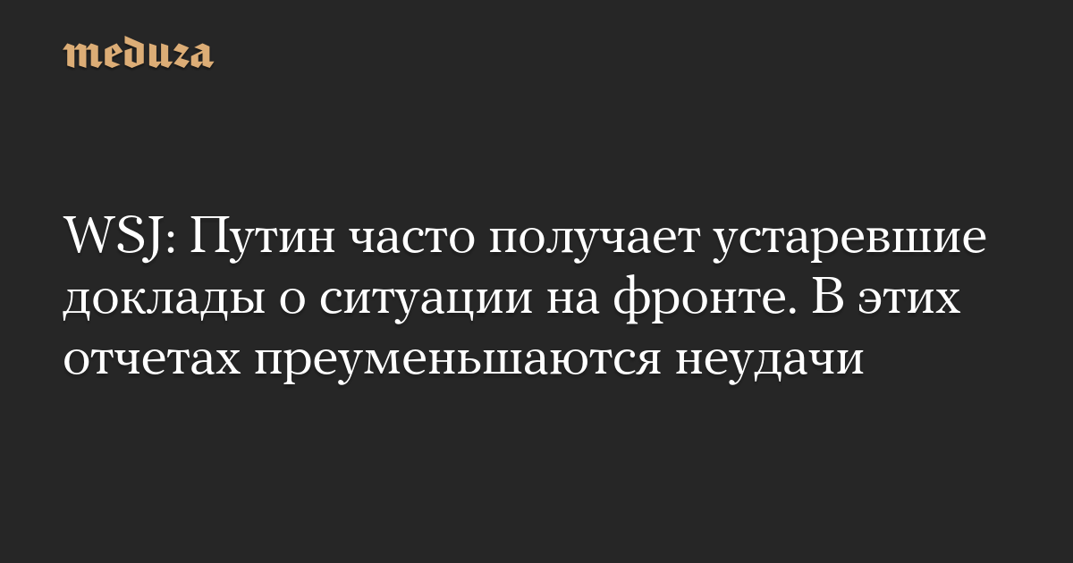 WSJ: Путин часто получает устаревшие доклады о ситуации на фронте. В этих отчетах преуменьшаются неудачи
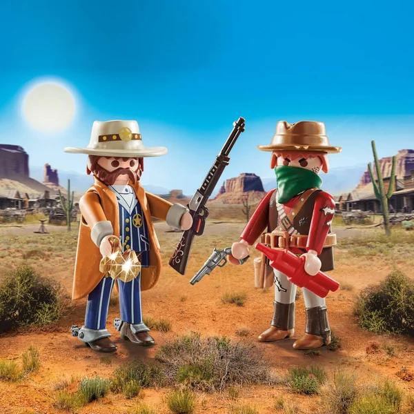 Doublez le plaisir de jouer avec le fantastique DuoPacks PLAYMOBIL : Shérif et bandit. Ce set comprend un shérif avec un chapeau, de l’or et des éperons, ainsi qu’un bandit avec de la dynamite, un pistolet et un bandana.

.....

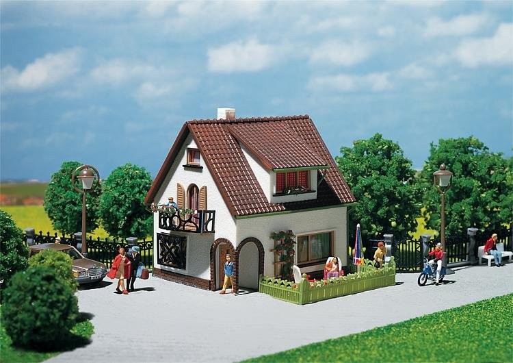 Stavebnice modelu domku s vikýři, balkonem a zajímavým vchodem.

.....

__The problem__. Copy exactly the lines of the listing above between the one holding "WSJ: Путин часто" and the one holding "Doublez le plaisir", inclusive; omit all pictures.

__Result__.
 WSJ: Путин часто получает устаревшие доклады о ситуации на фронте. В этих отчетах преуменьшаются неудачи
 Doublez le plaisir de jouer avec le fantastique DuoPacks PLAYMOBIL : Shérif et bandit. Ce set comprend un shérif avec un chapeau, de l’or et des éperons, ainsi qu’un bandit avec de la dynamite, un pistolet et un bandana.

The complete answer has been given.